La violazione di queste condizioni provoca inevitabilmente un conflitto tra
il partito e la classe, una scissione tra di loro, una contrapposizione dell'uno
all'altra.
Si può imporre con la forza alla classe operaia la funzione dirigente
del partito? No, non si può. In ogni caso una direzione imposta con
la forza non può essere veramente duratura. Il partito, se vuole rimanere
il partito del proletariato, deve sapere che esso è anzitutto e soprattutto
il dirigente, il capo, il maestro della classe operaia. Non dobbiamo dimenticare
le parole scritte da Lenin, a questo riguardo, nel suo opuscolo « Stato
e rivoluzione »:
« Educando il partito operaio, il marxismo educa un'avanguardia del
proletariato, capace di prendere il potere e di condurre tutto il popolo al
socialismo, capace di dirigere e di organizzare il nuovo regime, d'essere
il maestro, il dirigente, il capo (il corsivo è mio. G. St.) di tutti
i lavoratori, senza la borghesia e contro la borghesia » (vol. XXI,
p. 386, ed. russa).
Si può forse considerare il partito come dirigente effettivo della
classe se la sua politica è sbagliata, se la sua politica entra in
collisione con gli interessi della classe?
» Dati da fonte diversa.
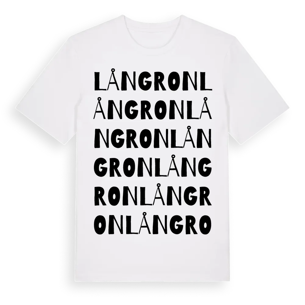 Långron ordlek t-shirt är inspirerad av byn Långron i Västerbottens län, Sverige. Tröjan är designad för dig som har en speciell koppling till platsen – oavsett om du bor här, har rötterna här eller bara älskar Långron.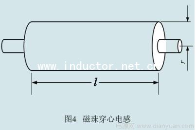 穿心電感的電感量一般都比較小,大約在幾微亨到幾十微亨之間,電感量大小與穿心電感中導(dǎo)線的大小以及長度,還有磁珠的截面積都有關(guān)系,但與磁珠電感量關(guān)系最大的還要算磁珠的相對導(dǎo)磁率 。圖3、圖4是分別是指導(dǎo)線和穿心電感的原理圖,計算穿心電感時,首先要計算一根圓截面直導(dǎo)線的電感,然后計算結(jié)果乘上磁珠相對導(dǎo)磁率 就可以求出穿心電感的電感量。

Naturalmente non si può.
Qualora ciò avvenga, il partito, se vuole continuare a essere il dirigente,
deve rivedere la sua politica, deve correggere la sua politica, deve riconoscere
il suo errore e correggerlo. Per avere una conferma di questa tesi, basterebbe
riferirsi a un fatto della storia del nostro partito, al periodo della abolizione
del prelevamento dell'eccedenza dei prodotti agricoli, quando le masse operaie
e contadine erano manifestamente malcontente della nostra politica e il partito
si accinse, si accinse apertamente e lealmente alla revisione di essa. Ecco
che cosa disse allora Lenin al Decimo Congresso, circa il problema dell'abolizione
del prelevamento dell'eccedenza dei prodotti agricoli e dell'introduzione
della nuova politica economica:
« Non dobbiamo cercare di non nascondere nulla, ma dobbiamo dire francamente
che i contadini sono malcontenti della forma di rapporti che si è stabilita
fra noi e loro, che essi non vogliono saperne di questa forma di rapporti
e che così non si andrà avanti. Questo è indiscutibile.
Questa loro volontà si è espressa in modo ben determinato. Si
tratta della volontà di masse enormi della popolazione lavoratrice.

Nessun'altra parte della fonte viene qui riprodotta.